Once lawsuits were filed, given the significant implications of this bill with regard to disclosure of trade secret information, courts would undoubtedly have been swamped with demurrers challenging the factual basis for the claims and discovery motions for protective orders to prevent the disclosure of confidential/trade secret information.
Interference with Negotiations
AB 889 sought to preclude settlement agreements that contain nondisclosure or confidentiality provisions related to the case. Many businesses settle cases as a business decision to resolve the issue before spending significant fees through litigation. A settlement is in no way an admission of liability or a concession of the validity of the plaintiff’s claims. Confidentiality provisions are included to prevent the risk of attorneys and consumers assuming companies will automatically settle and, therefore, are easy targets in litigation.
By preventing these provisions, AB 889 placed companies in an unfair predicament. If they did not settle, they were faced with being forced to publicly disclose confidential information, such as trade secrets. If they settled, they risked having to fight off future, repeated, meritless claims by consumers/attorneys that piggyback off the original settlement, seeking a quick financial recovery.
There is no policy basis to include settlement agreements under the purview of AB 889 and risk discouraging the resolution of civil disputes outside of the court room.
Of further concern was the deletion of language in the prior version of AB 889 about the confidentiality of pre-agreement negotiations and settlement discussions between mediation participants. The prior version of AB 889 explicitly protected these negotiations and discussions from disclosure pursuant to Section 1153.5 or 1154 of the Evidence Code.
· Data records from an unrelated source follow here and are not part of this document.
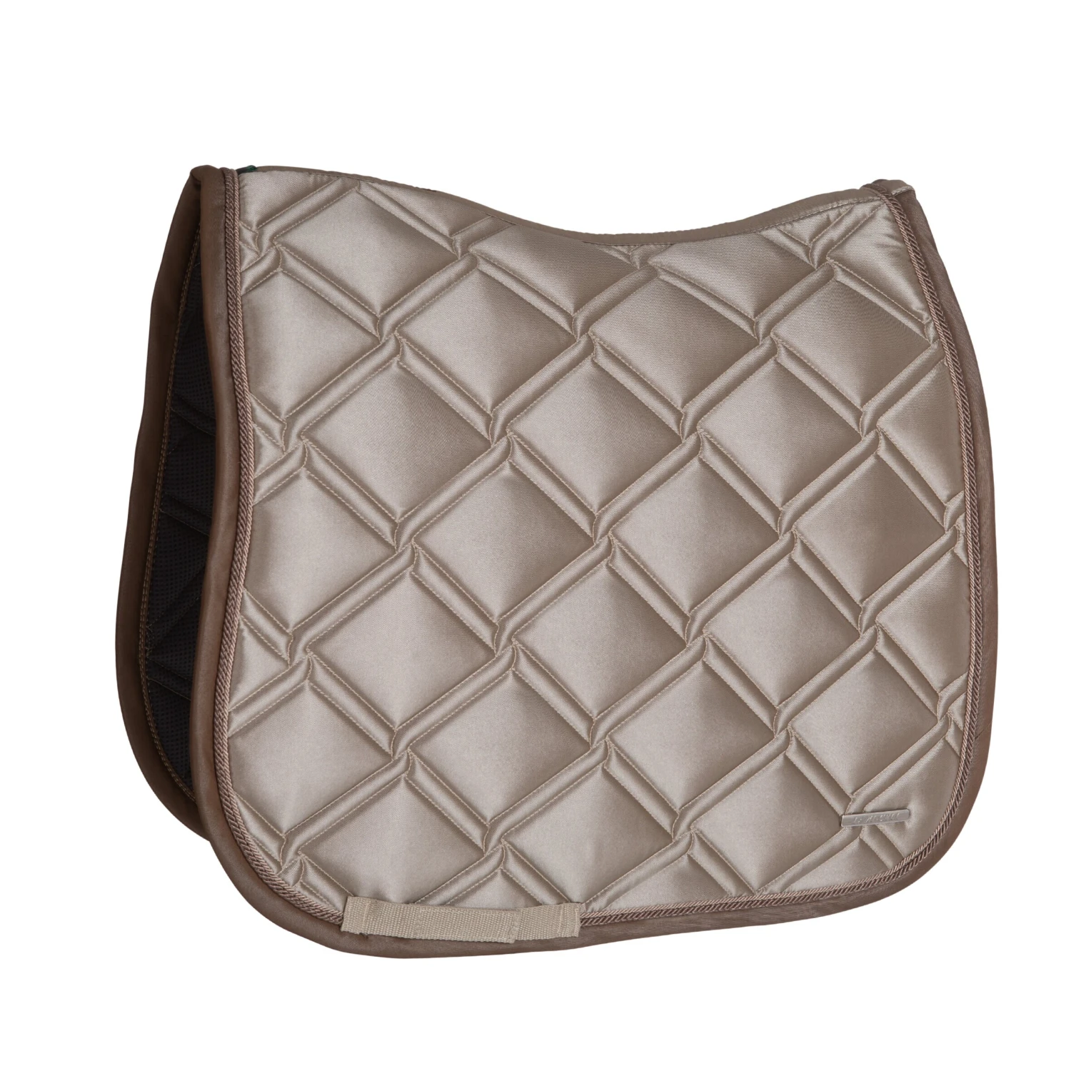 Die Dressurschabracke Aurora ist in einem sehr stilvollen und eleganten Modell hergestellt. Die Schabracke ist mit einem glänzenden, schmutzabweisenden, recycelten Eco Green-Polyester gesteppt, das aus recycelten PET-Flaschen hergestellt wird.
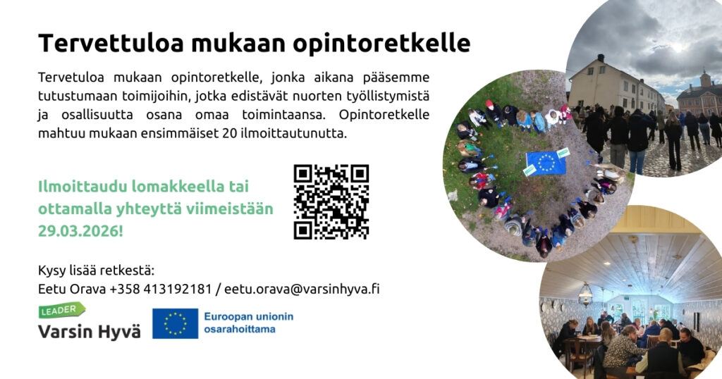 Tervetuloa mukaan opintoretkelle, jonka aikana pääsemme tutustumaan toimijoihin, jotka edistävät nuorten työllistymistä ja osallisuutta osana omaa toimintaansa. Opintoretkelle mahtuu mukaan ensimmäiset 20 ilmoittautunutta. https://forms.cloud.microsoft/e/1tKwg9rX1t Vierailemme erilaisissa kohteissa, kuten: Nautelankosken museo: https://www.liedonmuseo.fi/nautelankosken-museo Mannin Navetalla: https://manninnavetta.fi/ Retki on osallistujille ilmainen sisältäen aamu- ja iltapäiväkahvit sekä lounaan. Sitovat ilmoittautumiset 29.03.2026 mennessä. Lähtö opintoretkelle tapahtuu Ravattulan K-Citymarketin parkkipaikalta ja […]
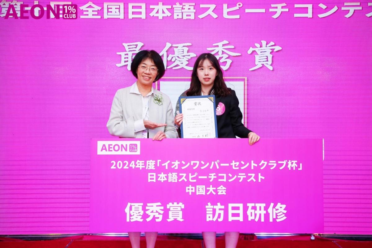(日本驻广州总领事馆总领事贵岛善子给李子怡颁奖)
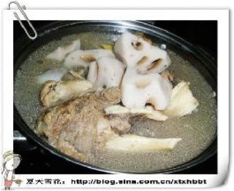 2、买新鲜猪脊骨(腔骨)炖莲藕也是一味好汤。
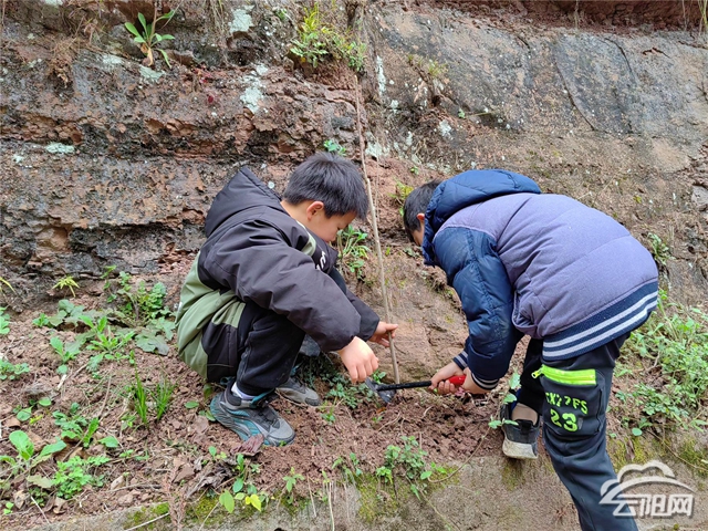 活动中,孩子们热情高涨,干劲十足,他们用小锄头、小铲子认真挖出一个个土坑,小心翼翼把树苗放入坑内,将土埋回洞里并压实,再给小树浇上水,每一道工序都一丝不苟,确保树苗栽种一棵、成活一棵。
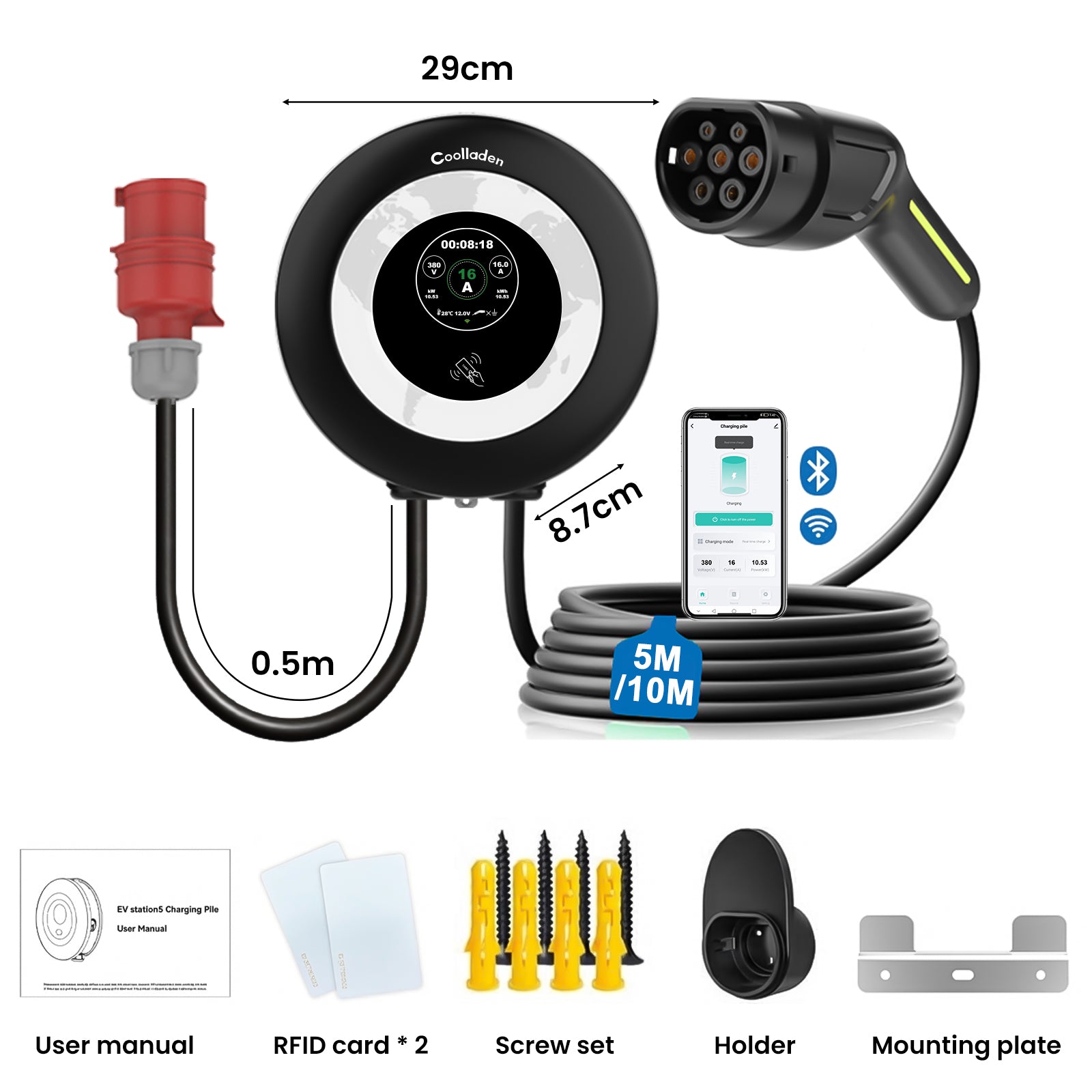 📦 Contenu de la boîte : 1x Wallbox, 2x Cartes RFID de sécurité, Kit de fixation murale, Support de câble, Manuel d'utilisation.
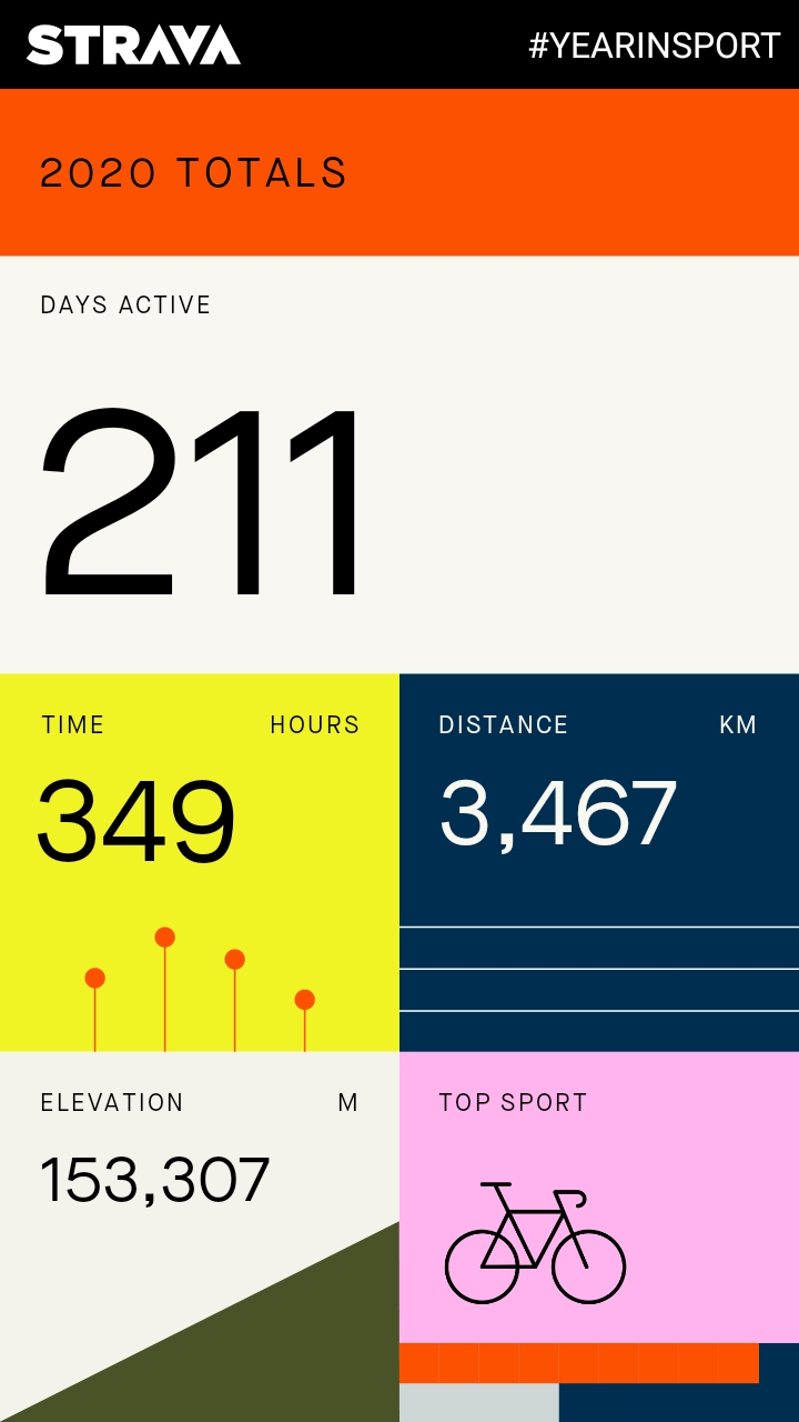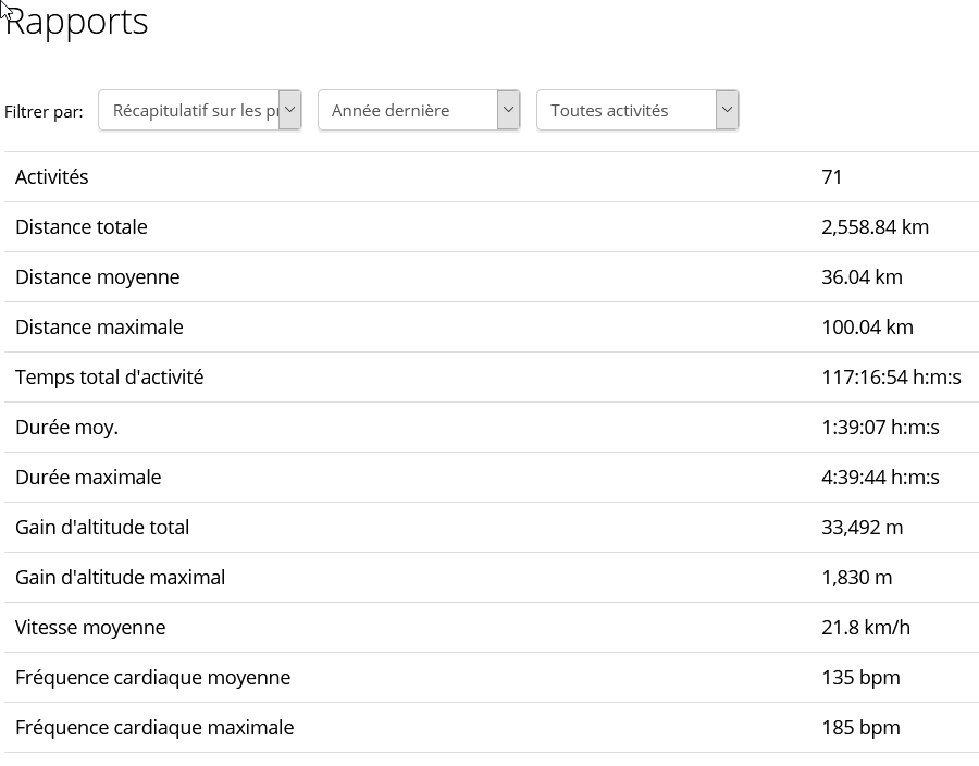 Ah oui, je vois qu’une vélo, 2020 c’est ma meilleure année depuis que je suis sur Strava (2018) comme quoi le déconfinement m’a surmotivé.
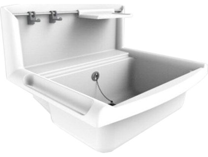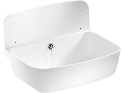 Umyvadlo (výlevka) s ochrannou zadní stěnou proti ostřiku, určené pro sklep, zahradu, garáž, dílnu
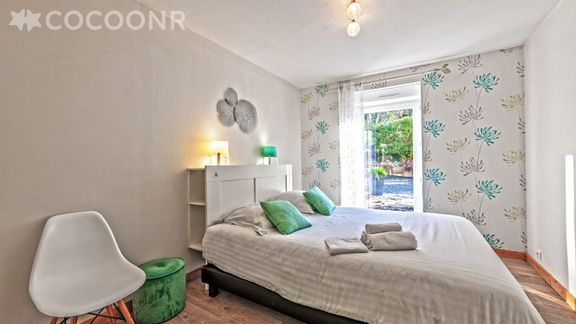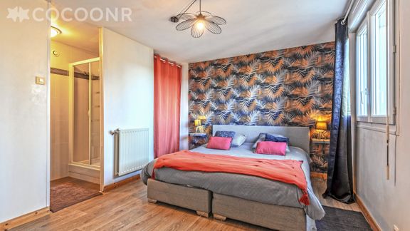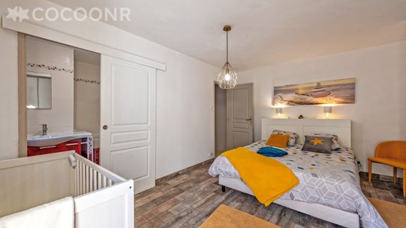 - Chambre 1 : un lit queen-size (160x200), un lit bébé, salle de bain attenante avec baignoire balnéo et douche, meuble vasque
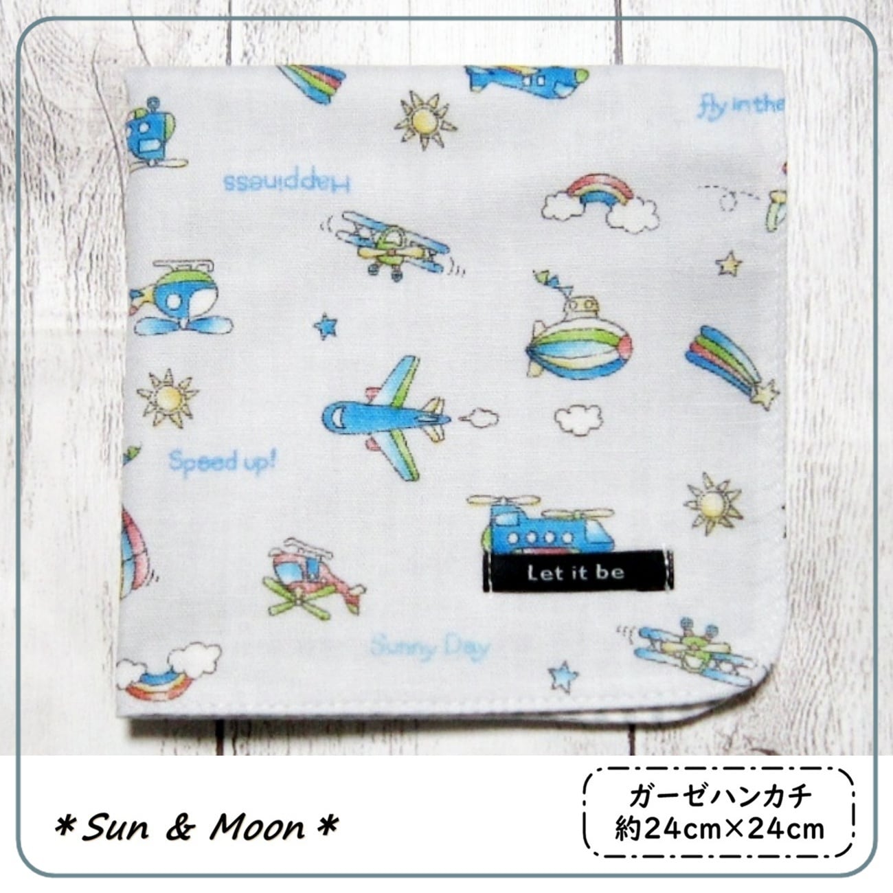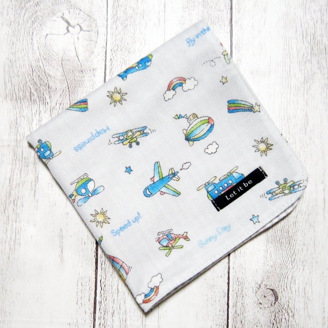 【大人のガーゼハンカチ】飛行機・ヘリコプター・水色

By removing this explicit protection, the most recent amendments raised concern that the bill would have extended to even these most sensitive and highly protected discussions amongst litigants. This would have further discouraged and deterred the informal resolution of claims.
Public Already Has Access
AB 889’s stated intent was to make sure the public is aware of products or environmental conditions that pose dangers to public health or safety. AB 889 is unnecessary for the following reasons:
- An individual’s complaint in civil litigation, which sets forth the allegations upon which the lawsuit is based, is never confidential. The complaint is always accessible to the public to review and determine the allegations of danger to public health or safety.
- The plaintiff and his/her attorney also are able to communicate to the public through media or any other means the allegations of danger to the public health or safety both before and after a civil lawsuit is filed.
- The Consumer Product Safety Commission already requires any manufacturer, importer, distributor, and/or retailer of consumer products to report to the commission any defective product that could create a substantial risk of injury to the public, at which time the commission can investigate to determine if a public notice or recall is necessary. Whether a product poses a risk to the public is determined by the commission, rather than a trial attorney seeking a financially lucrative settlement, as would have been the case under AB 889.
There already are numerous ways for the public to receive information regarding a dangerous consumer product or environmental condition without exposing individuals to felony prosecution, jeopardizing trade secret and proprietary information, interfering with the settlement of such cases, and creating an unfair litigation advantage for plaintiffs as AB 889 proposed.